Look below for the line that contains "ことぶき荘 12/12 7/A 1" and the line that contains "Photographies prises lors", then restate both of them and every line in between, exactly. No picture goes in the copy.
*** Data for review ***
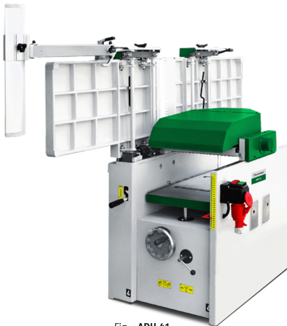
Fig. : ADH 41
***
*** Data for review ***
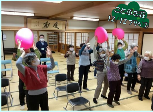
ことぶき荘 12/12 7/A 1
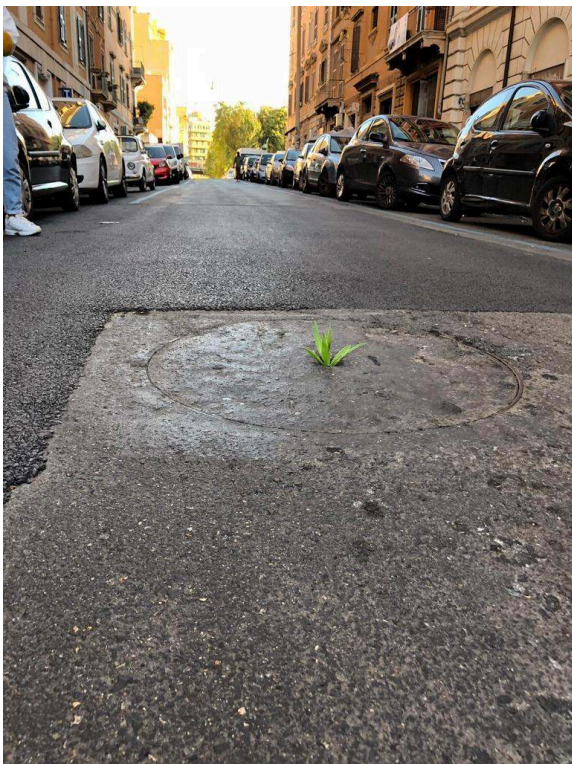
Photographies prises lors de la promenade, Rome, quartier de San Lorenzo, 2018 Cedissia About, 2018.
***
| Solution to this task |
ことぶき荘 12/12 7/A 1
Photographies prises lors de la promenade, Rome, quartier de San Lorenzo, 2018 Cedissia About, 2018.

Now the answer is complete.